Zekirija Ramadani

Personal information
- Date of birth: 21 January 1978 (age 48)
- Place of birth: Skopje, SR Macedonia, SFR Yugoslavia (now North Macedonia)
- Height: 1.75 m (5 ft 9 in)
- Position: Defender

Youth career
- 1995–1999: Shkëndija Haraçinë

Senior career*
- Years: Team / Apps / (Gls)
- 1999–2004: Sloga Jugomagnat / 104 / (11)
- 2004–2005: Bashkimi / 21 / (2)
- 2005: Vëllazërimi 77 / 12 / (0)
- 2005: Dinamo Tirana / 1 / (0)
- 2005-2007: Belasitsa Petrich / 25 / (1)
- 2006: → Rabotnički (loan) / 4 / (1)
- 2007–2008: Besa Kavajë / 23 / (0)
- 2008–2009: Qarabağ / 15 / (0)
- 2009–2010: Shkëndija / 0 / (0)
- 2010: Vardar / 2 / (0)
- 2010–2011: Flamurtari / 15 / (0)
- Total:  / 222 / (15)

International career
- 2001–2004: Macedonia / 6 / (0)

Managerial career
- 2014–2015: Shkupi
- 2016: Flamurtari
- 2017: Trepça'89
- 2017: Feronikeli
- 2018: Shkupi
- 2018–2019: Feronikeli
- 2020–2021: Prishtina
- 2021–2022: Egnatia
- 2023: Ohod
- 2023–2026: Drita

= Zekirija Ramadani =

Macedonian association football manager and former player

Zekirija Ramadani (Зекирија Рамадани; born 21 January 1978) is a Macedonian professional football coach and former player of Albanian descent who most recently was the manager of Kosovan club Drita. He has won the Kosovo Superleague as a manager five times with four different clubs.

== Club career ==
Ramadani began his professional career at Sloga Jugomagnat, where he played from 1999 to 2004. During his time with the Skopje-based club, he featured in European competitions, including the UEFA Champions League qualifying rounds in 2000 and 2001, as well as the UEFA Cup qualifying phase.

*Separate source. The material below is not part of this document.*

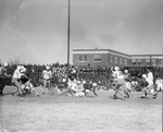 Image shows a football game between North Texas Agricultural College (NTAC) and John Tarleton Agricultural College. Fourteen football players and one unidentified referee, far right are shown to be performing a play in front of a unidentified crowd seated in bleachers.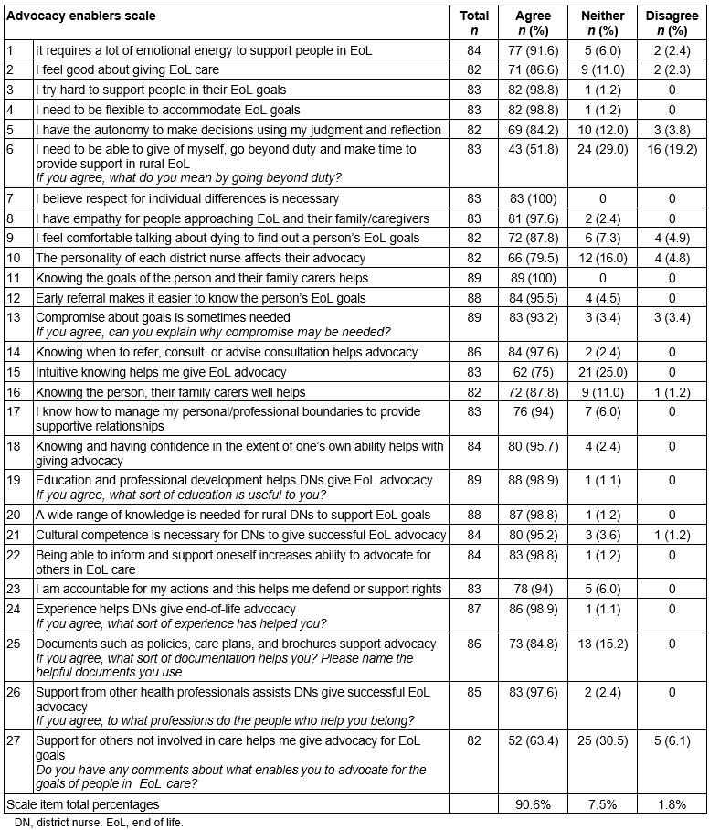 Two scale items received 100% agreement: ‘I believe respect for individual differences is necessary in my role’ and ‘knowing the goals of the person receiving EoL care and their family carers’ helps’. Advocacy enabled by ‘early referrals, self-understanding and confidence’, ‘knowing how to balance relationship boundaries’ and ‘when to refer and consult’ were all rated very highly. Respondents who agreed that ‘compromise of goals is sometimes needed’ (93.2%; n=83) were asked to expand with their knowledge about why this occurs. Responses outlined expectations that were unrealistic due to limited service hours, staff expertise or availability, sudden unmanageable deterioration in health, and insufficient carer support or coping. Some goals reportedly lacked the general practitioner’s support, adequate information for preparation, or were illegal or unsafe for nurse participation. Knowledge of the rural people and the resources available were confirmed as enabling EoL goal modifications that met with satisfaction.

Following his stint at Sloga, Ramadani moved to Bashkimi for the 2004–05 season, followed by short spells at Vëllazërimi 77 and Albanian side Dinamo Tirana. In 2005, he transferred to the Bulgarian club Belasitsa Petrich, where he spent two seasons. During the summer of 2006, he returned to North Macedonia on loan to Rabotnički, making appearances in the UEFA Cup qualifiers.

In January 2007, Ramadani returned to Belasitsa Petrich before moving to the Albanian Superliga club Besa Kavajë later that year. He was a key part of the Besa squad that competed in the UEFA Intertoto Cup and the UEFA Cup qualifiers. In 2008, he signed with the Azerbaijani club Qarabağ, where he won the Azerbaijan Cup in the 2008–09 season. He concluded his playing career in 2011 after a season with Flamurtari in Vlorë.

== International career ==
Ramadani made his senior debut for the Macedonia national team on 26 July 2000 in a friendly match against Azerbaijan. He earned a total of 7 caps for his country between 2000 and 2004. His final international appearance came on 27 January 2004 in a friendly match against China.

== Managerial career ==
=== Early career and success in Kosovo ===
Ramadani began his managerial career in 2014 with the Macedonian club Shkupi, where he served two stints (2014–2015 and 2018). Between these spells, he briefly managed the Albanian club Flamurtari Vlorë in early 2016.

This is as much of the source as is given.